→ Directions for this task
Leaving out every picture, retype the lines below from the top through the one that contains "Истории побегов осьминогов".
[Start of Attachment]
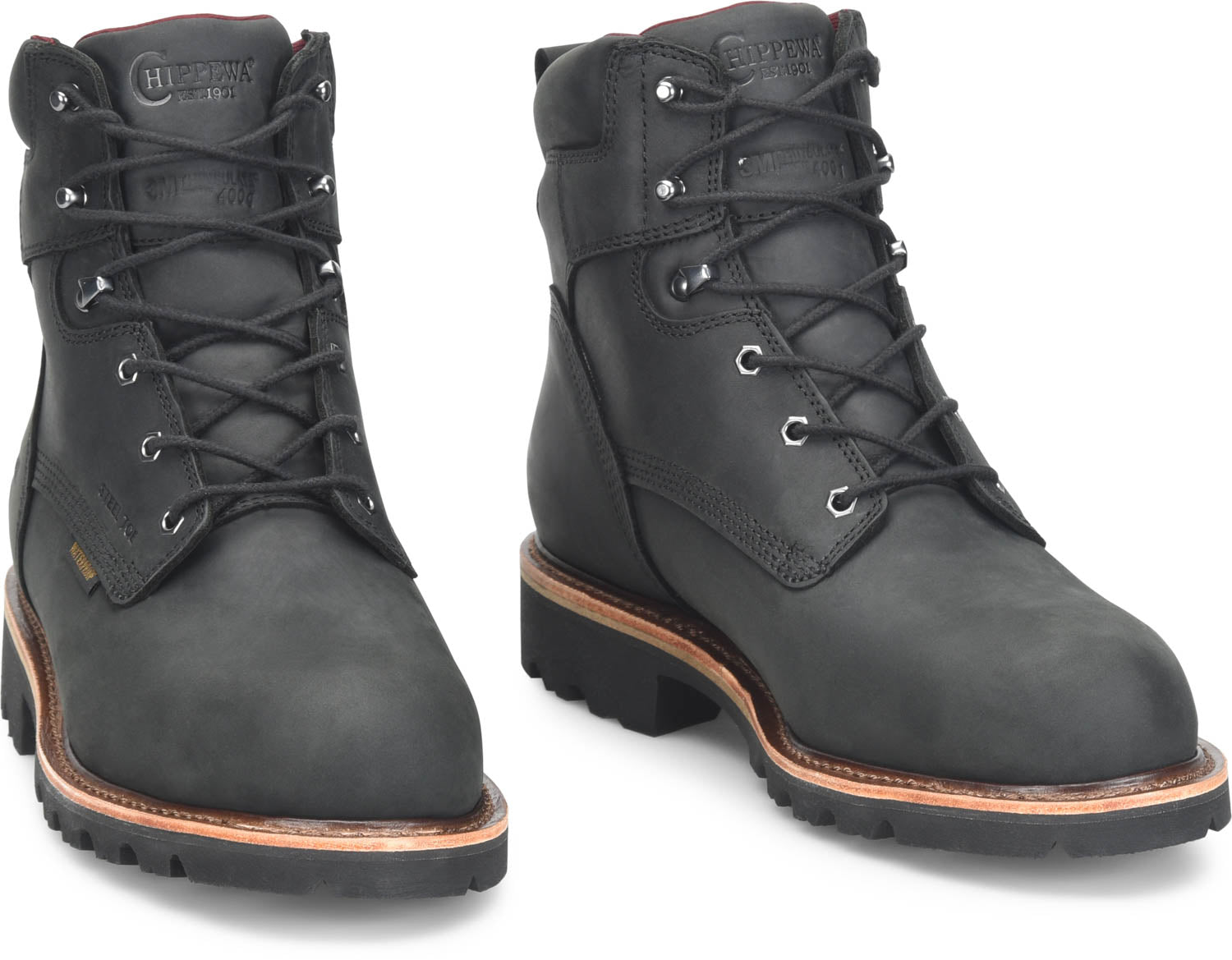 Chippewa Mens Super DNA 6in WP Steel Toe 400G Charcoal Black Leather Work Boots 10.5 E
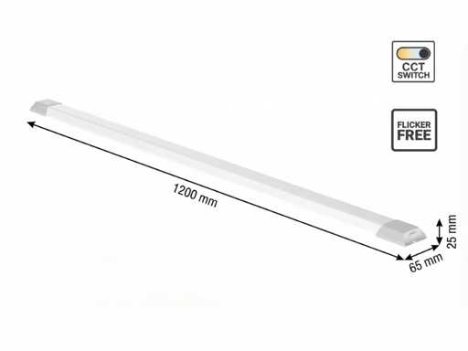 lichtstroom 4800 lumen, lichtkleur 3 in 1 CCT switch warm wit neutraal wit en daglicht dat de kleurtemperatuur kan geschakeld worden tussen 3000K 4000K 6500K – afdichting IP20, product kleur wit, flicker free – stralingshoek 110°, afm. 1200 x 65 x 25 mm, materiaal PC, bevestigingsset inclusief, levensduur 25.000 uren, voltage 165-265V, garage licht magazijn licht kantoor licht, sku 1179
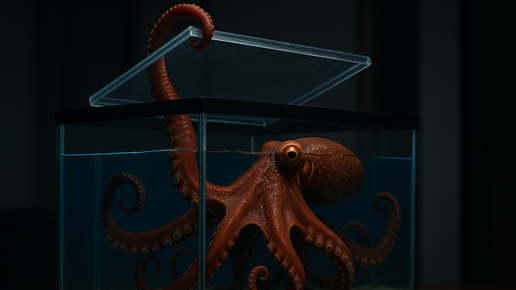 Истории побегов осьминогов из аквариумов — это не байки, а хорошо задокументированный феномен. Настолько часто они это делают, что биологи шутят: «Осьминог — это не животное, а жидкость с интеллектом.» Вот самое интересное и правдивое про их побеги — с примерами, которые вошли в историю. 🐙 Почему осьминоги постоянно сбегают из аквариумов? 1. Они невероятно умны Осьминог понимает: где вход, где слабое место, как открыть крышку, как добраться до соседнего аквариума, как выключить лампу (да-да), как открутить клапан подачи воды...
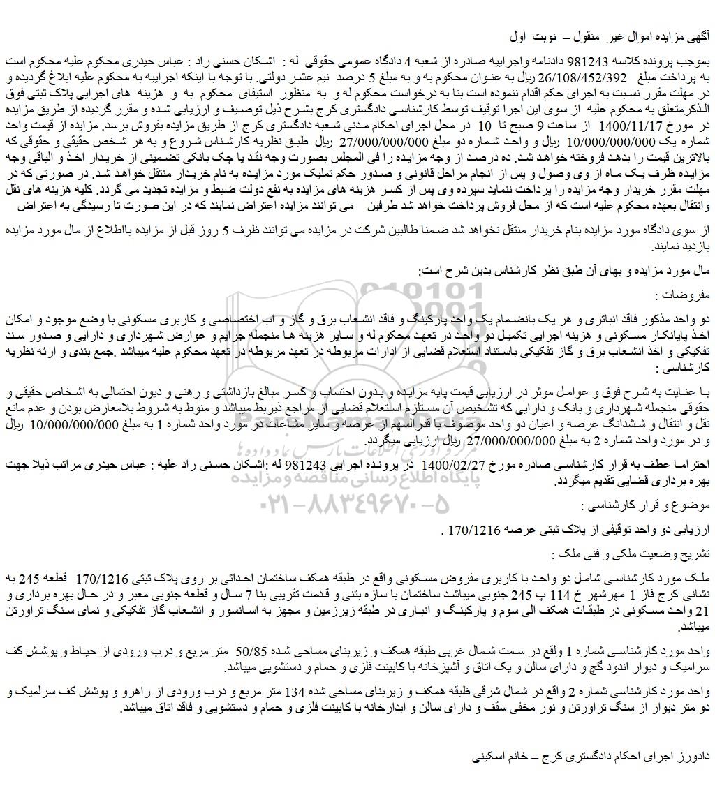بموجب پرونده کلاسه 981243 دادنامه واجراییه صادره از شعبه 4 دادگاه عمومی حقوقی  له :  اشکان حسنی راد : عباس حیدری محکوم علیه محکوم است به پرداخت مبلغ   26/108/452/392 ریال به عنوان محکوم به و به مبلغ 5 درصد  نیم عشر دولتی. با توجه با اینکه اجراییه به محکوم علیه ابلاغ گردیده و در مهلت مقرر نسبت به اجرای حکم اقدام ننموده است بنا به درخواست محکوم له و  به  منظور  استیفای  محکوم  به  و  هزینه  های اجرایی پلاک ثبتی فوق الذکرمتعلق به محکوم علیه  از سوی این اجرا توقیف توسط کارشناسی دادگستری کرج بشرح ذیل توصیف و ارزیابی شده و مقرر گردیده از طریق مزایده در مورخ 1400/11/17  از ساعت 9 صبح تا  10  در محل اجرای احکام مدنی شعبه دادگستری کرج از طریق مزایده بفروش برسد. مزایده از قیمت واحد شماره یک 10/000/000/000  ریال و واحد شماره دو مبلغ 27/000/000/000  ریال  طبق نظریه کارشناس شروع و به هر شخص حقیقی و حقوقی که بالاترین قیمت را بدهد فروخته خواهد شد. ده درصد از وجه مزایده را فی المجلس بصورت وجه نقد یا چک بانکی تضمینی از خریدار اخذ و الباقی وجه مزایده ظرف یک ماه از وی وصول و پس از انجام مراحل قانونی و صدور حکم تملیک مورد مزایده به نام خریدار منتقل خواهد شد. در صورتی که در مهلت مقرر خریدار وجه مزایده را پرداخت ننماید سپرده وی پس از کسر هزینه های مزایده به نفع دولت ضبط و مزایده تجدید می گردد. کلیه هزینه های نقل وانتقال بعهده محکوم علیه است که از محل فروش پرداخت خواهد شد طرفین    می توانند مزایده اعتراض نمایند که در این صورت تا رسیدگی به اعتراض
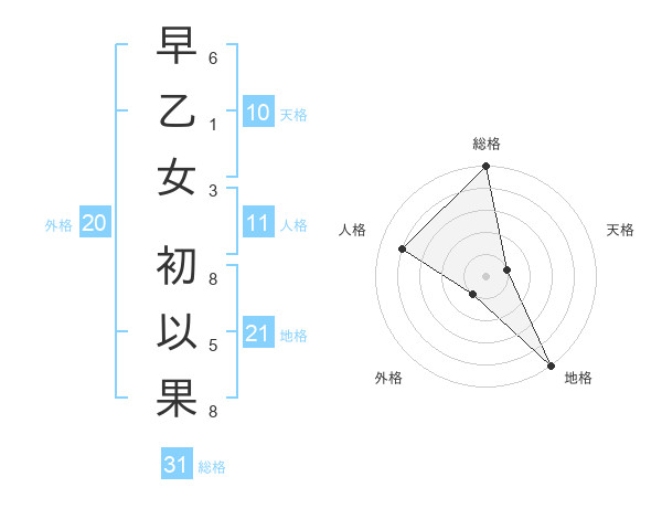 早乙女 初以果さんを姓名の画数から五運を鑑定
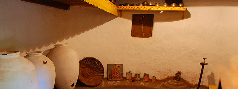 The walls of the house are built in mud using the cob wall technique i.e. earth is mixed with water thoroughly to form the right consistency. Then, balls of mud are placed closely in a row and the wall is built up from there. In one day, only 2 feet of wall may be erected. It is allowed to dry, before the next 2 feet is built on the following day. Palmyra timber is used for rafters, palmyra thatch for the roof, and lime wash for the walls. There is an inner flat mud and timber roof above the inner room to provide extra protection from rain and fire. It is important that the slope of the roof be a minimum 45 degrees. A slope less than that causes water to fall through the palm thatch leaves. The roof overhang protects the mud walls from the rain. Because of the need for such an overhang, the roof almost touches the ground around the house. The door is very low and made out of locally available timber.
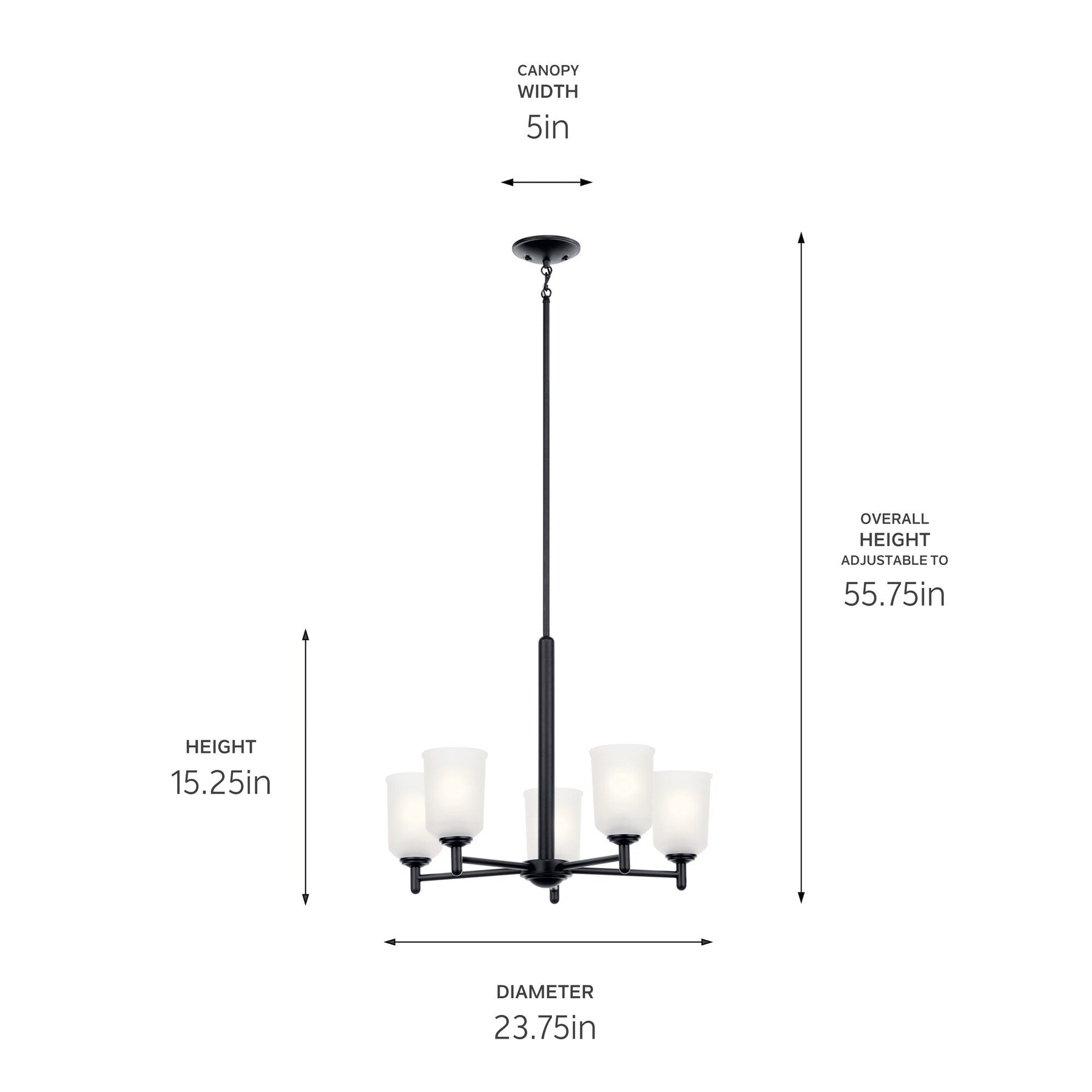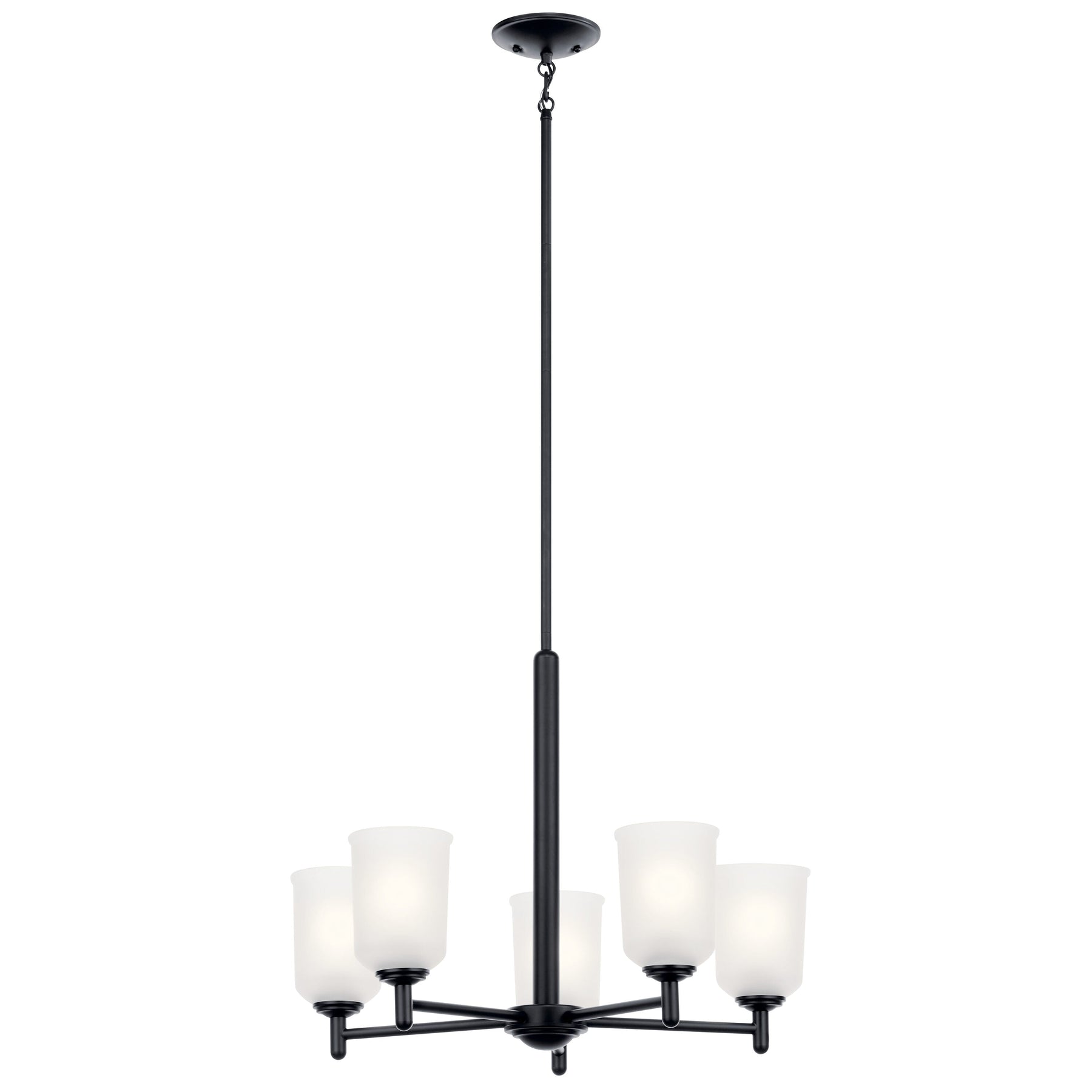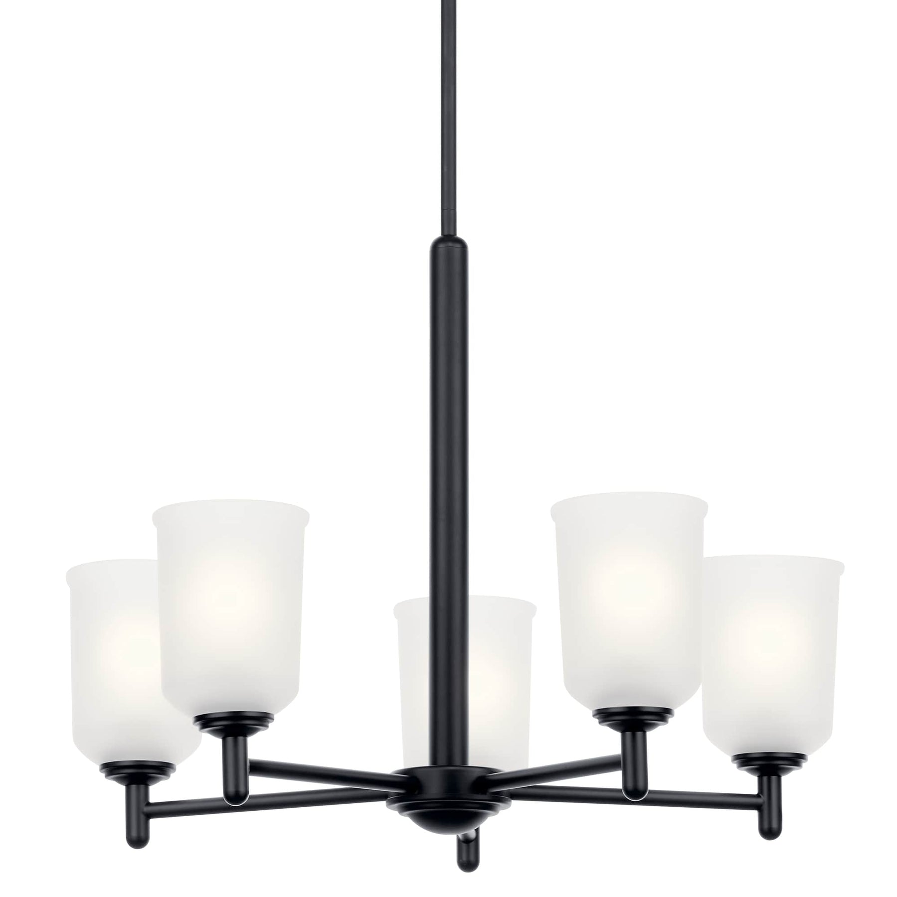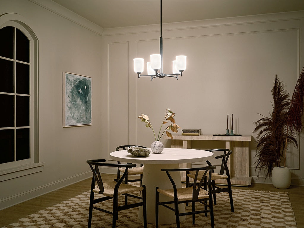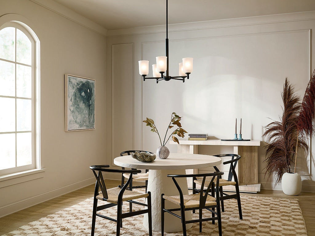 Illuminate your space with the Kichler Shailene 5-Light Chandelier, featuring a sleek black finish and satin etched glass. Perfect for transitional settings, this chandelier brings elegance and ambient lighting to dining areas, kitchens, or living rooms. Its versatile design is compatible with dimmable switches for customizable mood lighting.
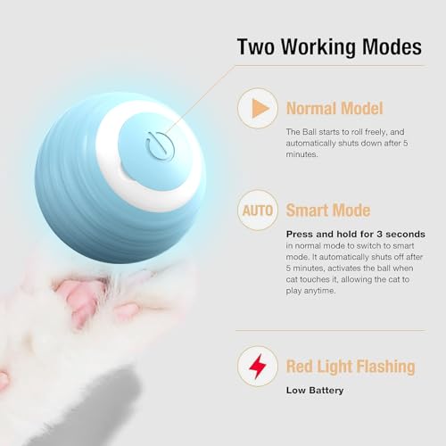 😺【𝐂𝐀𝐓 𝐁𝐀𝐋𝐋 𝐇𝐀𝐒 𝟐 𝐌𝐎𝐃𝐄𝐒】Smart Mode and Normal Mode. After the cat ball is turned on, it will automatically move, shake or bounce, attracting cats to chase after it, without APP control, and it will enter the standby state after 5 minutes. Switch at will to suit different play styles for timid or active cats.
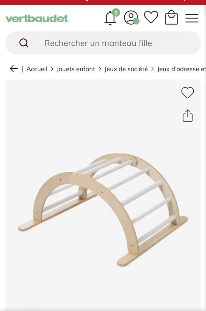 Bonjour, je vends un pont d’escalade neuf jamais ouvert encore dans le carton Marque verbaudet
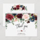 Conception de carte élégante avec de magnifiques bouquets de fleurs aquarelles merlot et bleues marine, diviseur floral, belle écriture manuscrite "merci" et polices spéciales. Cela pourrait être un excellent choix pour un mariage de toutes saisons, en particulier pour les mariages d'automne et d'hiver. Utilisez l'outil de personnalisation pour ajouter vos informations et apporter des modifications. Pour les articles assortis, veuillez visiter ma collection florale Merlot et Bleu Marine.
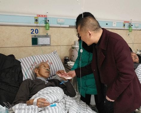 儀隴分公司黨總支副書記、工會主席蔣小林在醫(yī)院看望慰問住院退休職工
[End of Attachment]
→ Problem solution
 Chippewa Mens Super DNA 6in WP Steel Toe 400G Charcoal Black Leather Work Boots 10.5 E
 lichtstroom 4800 lumen, lichtkleur 3 in 1 CCT switch warm wit neutraal wit en daglicht dat de kleurtemperatuur kan geschakeld worden tussen 3000K 4000K 6500K – afdichting IP20, product kleur wit, flicker free – stralingshoek 110°, afm. 1200 x 65 x 25 mm, materiaal PC, bevestigingsset inclusief, levensduur 25.000 uren, voltage 165-265V, garage licht magazijn licht kantoor licht, sku 1179
 Истории побегов осьминогов из аквариумов — это не байки, а хорошо задокументированный феномен. Настолько часто они это делают, что биологи шутят: «Осьминог — это не животное, а жидкость с интеллектом.» Вот самое интересное и правдивое про их побеги — с примерами, которые вошли в историю. 🐙 Почему осьминоги постоянно сбегают из аквариумов? 1. Они невероятно умны Осьминог понимает: где вход, где слабое место, как открыть крышку, как добраться до соседнего аквариума, как выключить лампу (да-да), как открутить клапан подачи воды...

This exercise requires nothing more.